An improved three-regime (3R) O₃ attribution technique for O₃ source apportionment in regional chemical transport models is developed to divide the entire range of VOC-NO _x-O₃ formation sensitivity to VOC-limited, transition, and NO _x-limited regimes based on the value of a regime indicator R. The threshold R values to mark the start ( R_ts) and end ( R_te) of the transition regime are defined at the point where O₃-NO _x sensitivity turns from negative to positive and where O₃-NO _x sensitivity is ten times higher than O₃-VOC sensitivity, respectively. R_ts and R_te are determined using NO _x and VOC sensitivity simulations in a box model with a modified SAPRC-11 mechanism. For the widely used indicator ration R = ( P_H2O2 + P_ROOH)/ P_HNO3, which is based on the production rates of H₂O₂, HNO₃ and organic hydroperoxides (ROOH), the recommended R_ts and R_te values are 0.047 and 5.142, respectively. Parameterized attribution functions, depending only on the values of R, are developed to apportion modeled in situ O₃ formation in the transition regime to NO _x and VOCs.

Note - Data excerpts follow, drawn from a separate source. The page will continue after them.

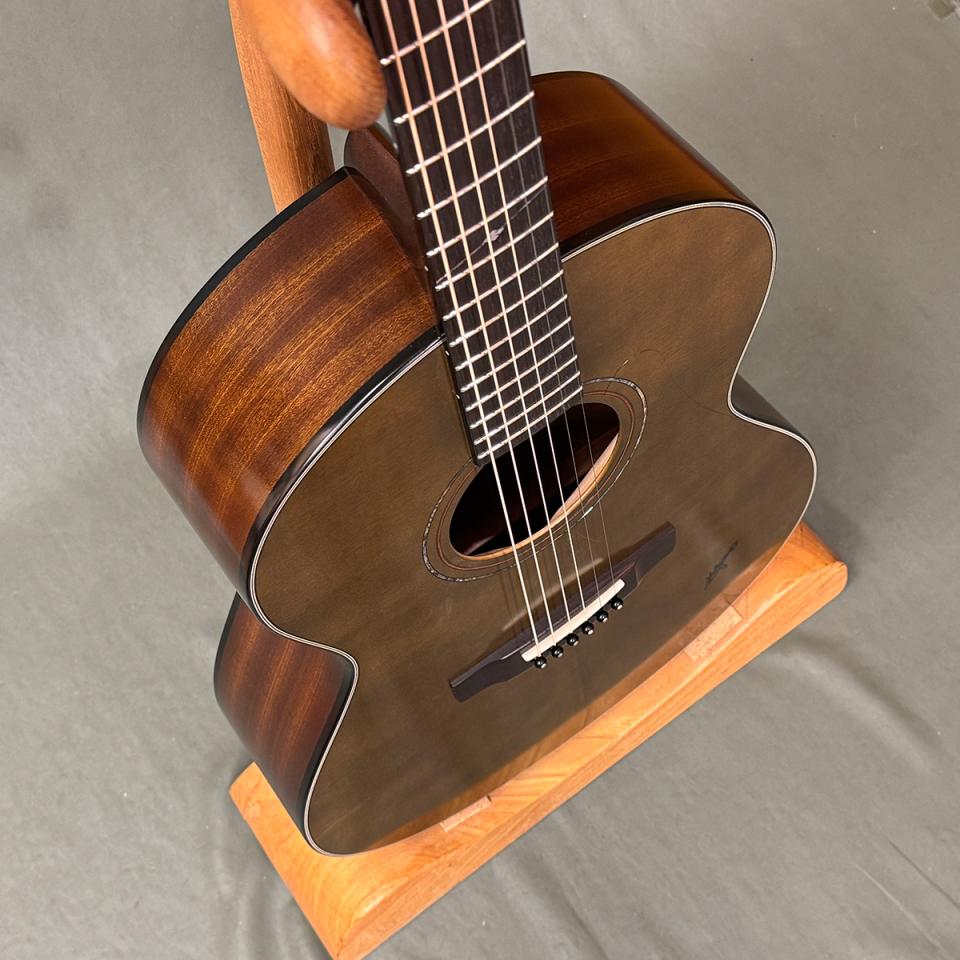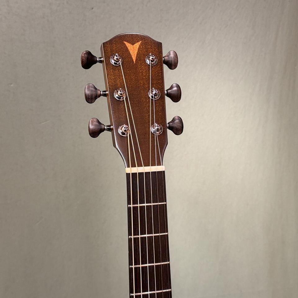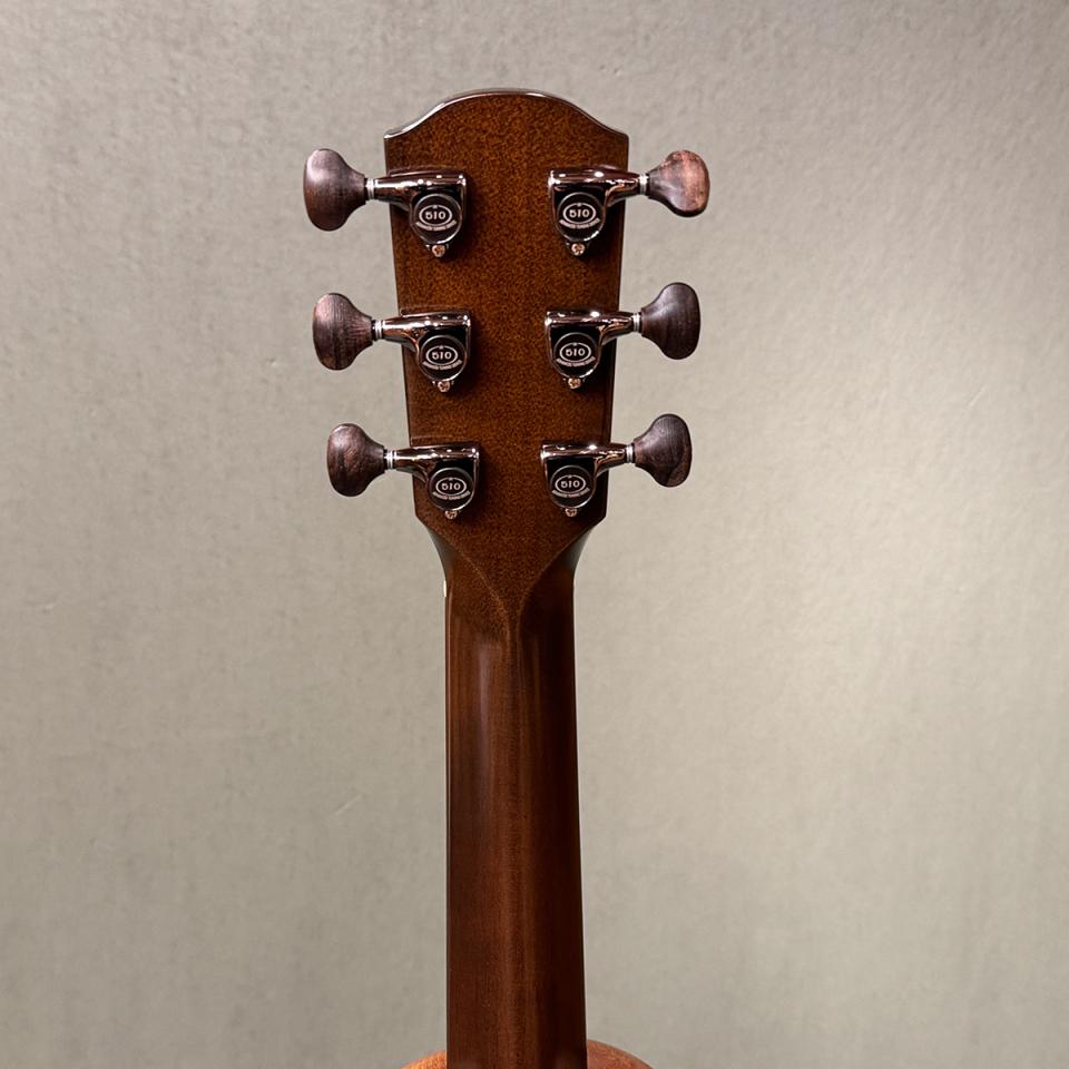 トップ材にはシトカスプルース単板、サイド&バックにはマホガニーを採用し、反応の良い立ち上がりと温かみのある中低域を両立。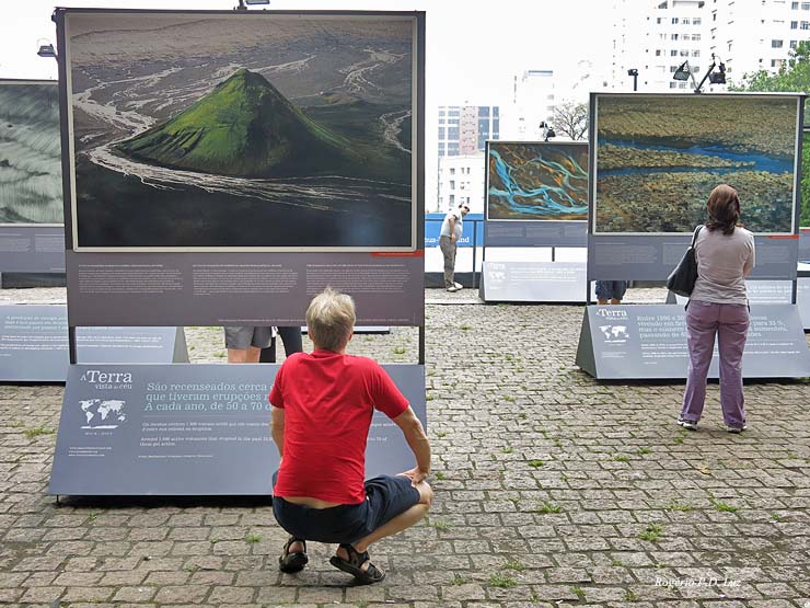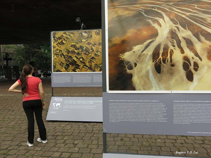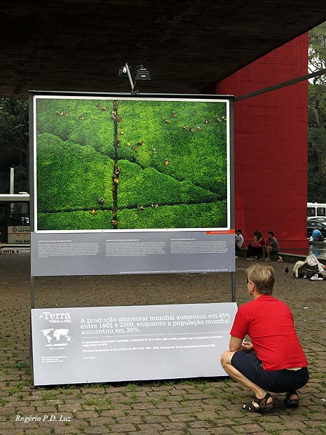 Inaugurada o dia 15 de outubro passado, o vão livre do MASP-Museu de Arte e São Paulo na Avenida Paulista, em São Paulo, recebe a exposição “A Terra vista do céu” com 130 fotos do fotógrafo e ambientalista francês Yann Arthus- Bertrand, que ao longo de 20 anos andou a fotografar o planeta terra. As fotos foram feitas de helicóptero e balão, as quais além de mostrar belas paisagens da terra, também questionam os danos causados ao meio ambiente pelo ser humano.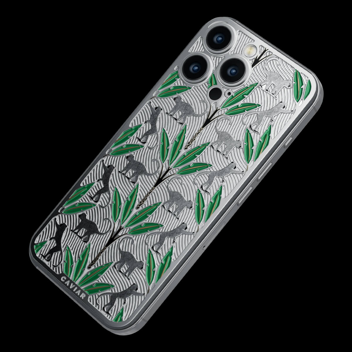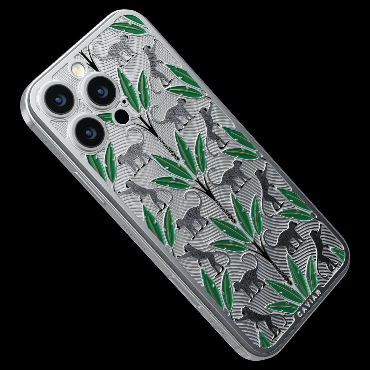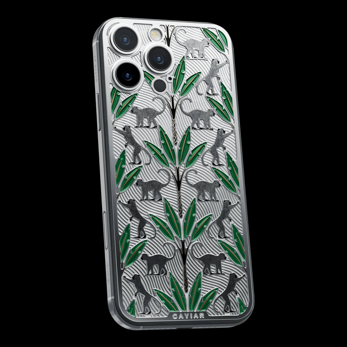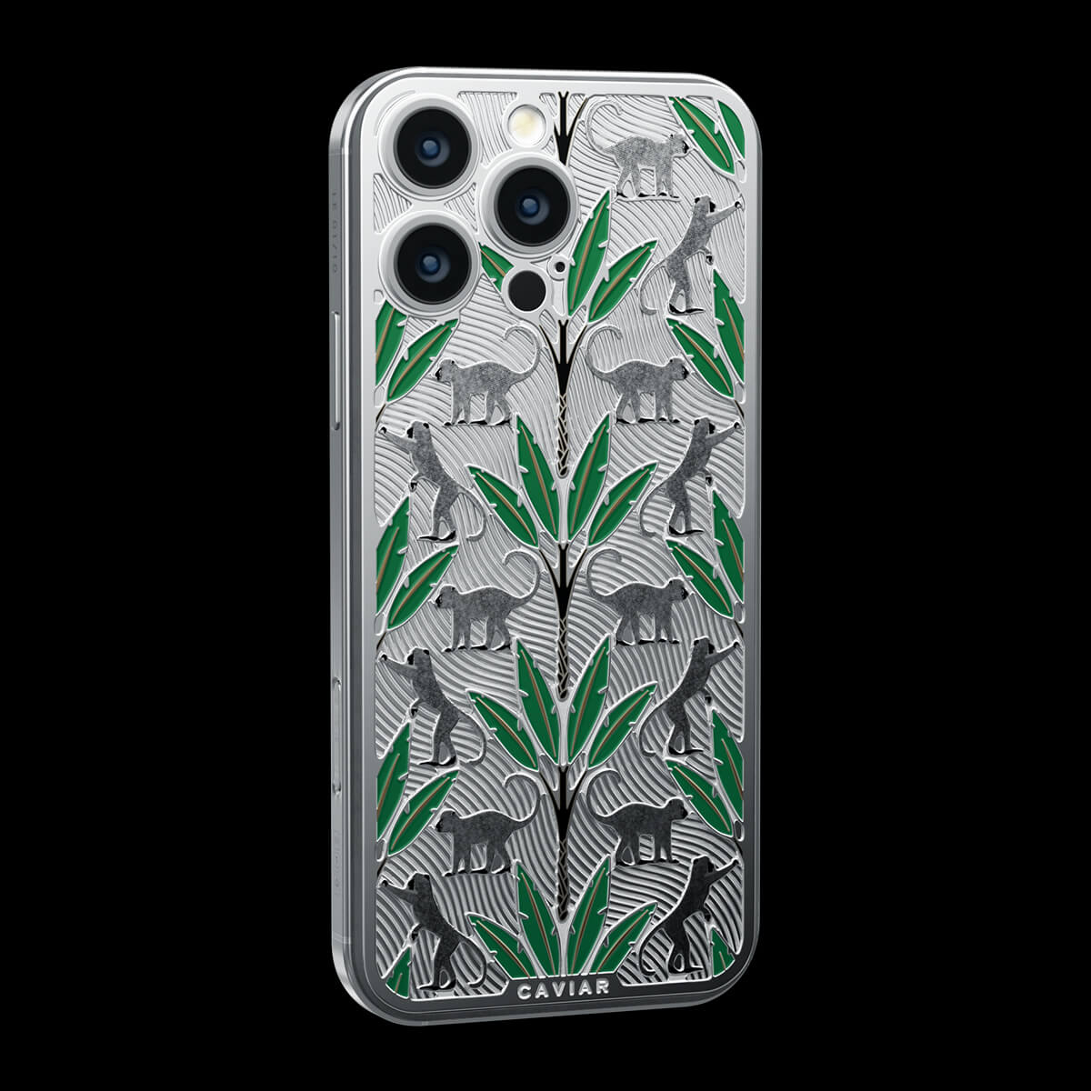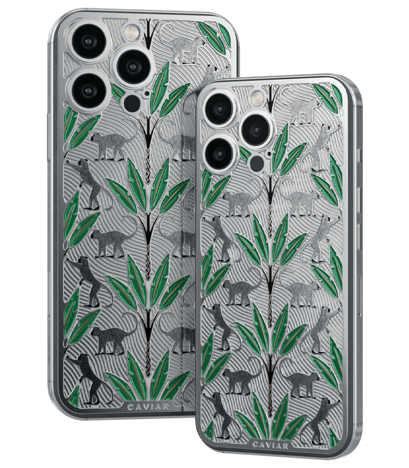 The titanium surface of the Gibraltar by Caviar seems to be sculpted by nature itself—engraved with the proud silhouettes of Barbary macaques, which have become symbols of this place. Black palm trunks complete the picture, while emerald enamel leaves bring the design to life.

The new 3R and the traditional two-regime (2R) schemes are incorporated into the Community Multiscale Air Quality (CMAQ) model to quantify NO _x and VOC contributions to regional O₃ concentrations in China in August 2013. The 3R approach predicts approximately 5-10 ppb and up to 15 ppb higher NO _x contributions to 8 h O₃ in in the North China Plain, the Yangtze River Delta and the Pearl River Delta than the 2R approach. The big differences in O₃ attribution between 2R and 3R can have significant policy implications for air pollution emission controls.